Cette dynamique intervient dans un contexte géopolitique favorable. La signature récente du traité sur la restitution de l’archipel des Chagos a permis à Maurice d’élargir sa ZEE de 639 611 km2 , portant sa superficie maritime à près de 3 millions de km2 et accentuant son engagement environnemental.

Par ailleurs, le pays cherche à faire reconnaître une extension continentale autour de Rodrigues, couvrant 169 000 km2 supplémentaires. Déjà classée parmi les 20 plus vastes au monde, la ZEE mauricienne englobe les eaux entourant Maurice, Rodrigues, Saint-Brandon, Agaléga, Tromelin et désormais les Chagos. Cette expansion renforce la responsabilité du pays en matière de gestion durable.

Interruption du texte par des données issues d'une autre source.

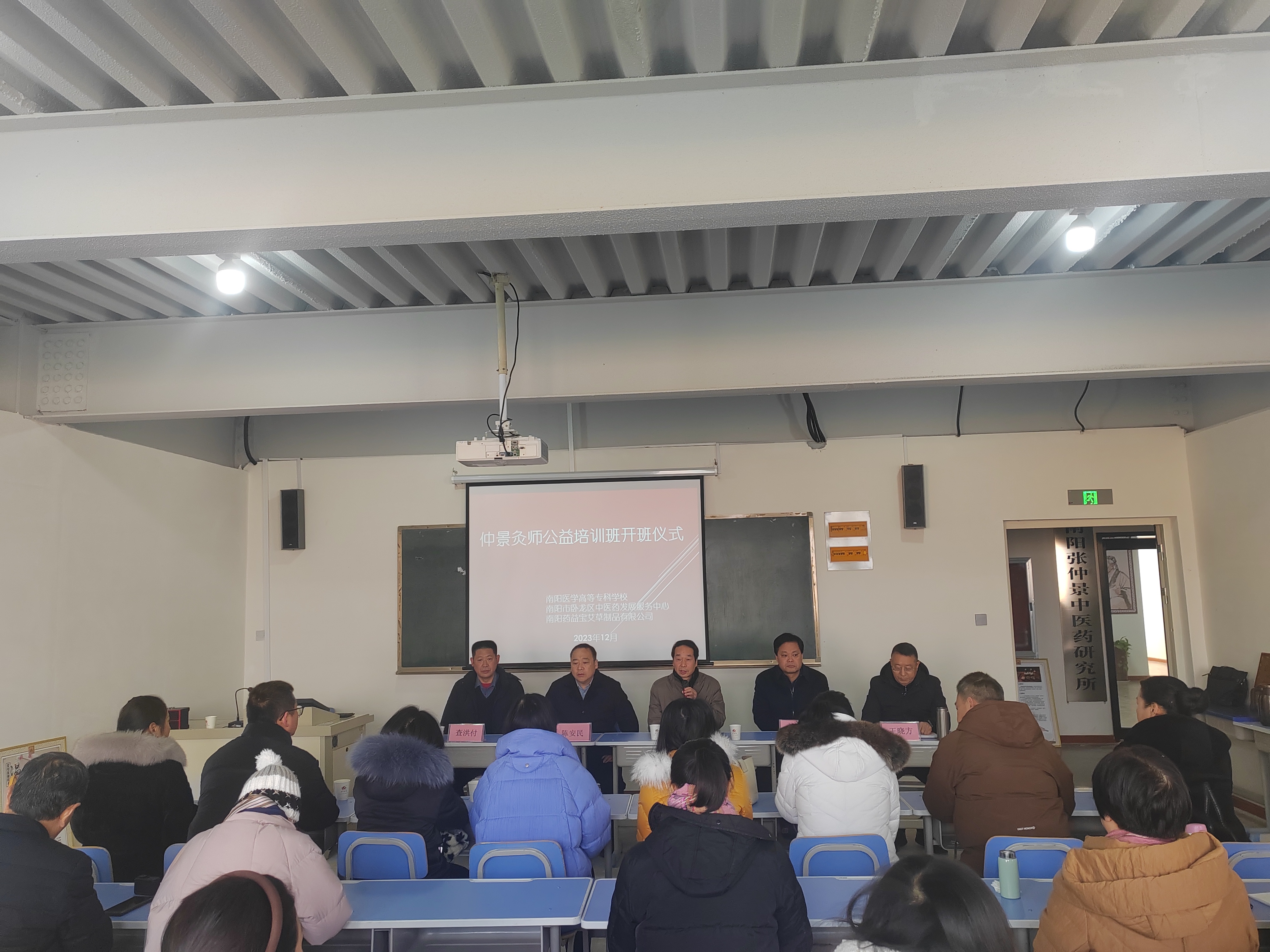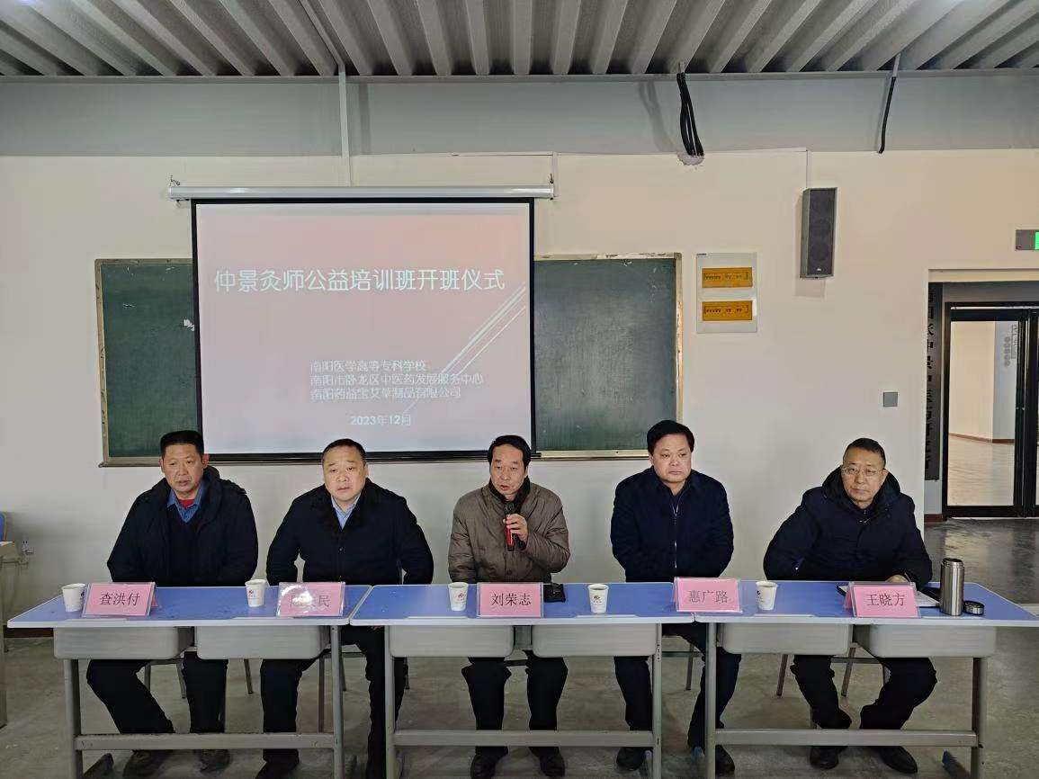 本网讯(文/针灸骨伤系 马驰)为弘扬仲景文化,传承创新仲景灸疗技艺,进一步推广灸疗等中医药特色适宜技术,更好地护佑大众健康,12月23日,由多盈手机在线登录、卧龙区人民政府、南阳药益宝艾草制品有限公司政、校、企联合举办的“南阳仲景灸师公益培训班”在南阳药益宝智慧康养中心正式开班。南阳医专党委委员、副校长刘荣志,卧龙区委常委、统战部长惠广路,区政协副主席陈安民,区中医药发展服务中心主任王晓方,南阳药益宝艾草制品有限公司董事长查洪付出席开班仪式。

À l’échelle internationale, l’économie bleue a pris son essor après le Sommet Rio+20 en 2012, qui a souligné le rôle stratégique des océans pour atteindre les Objectifs de développement durable (ODD) et l’Agenda 2030. La planification de l’espace marin – délimitant mers et zones côtières selon leurs usages et activités – est devenue un outil clé de gouvernance pour accompagner cette croissance bleue. Maurice a rapidement suivi cette dynamique en créant un ministère dédié en 2014, puis en établissant en 2015, le Conseil national de l’océan (NOC), et en adoptant la Déclaration de l’Association de la région de l’océan Indien sur l’économie bleue.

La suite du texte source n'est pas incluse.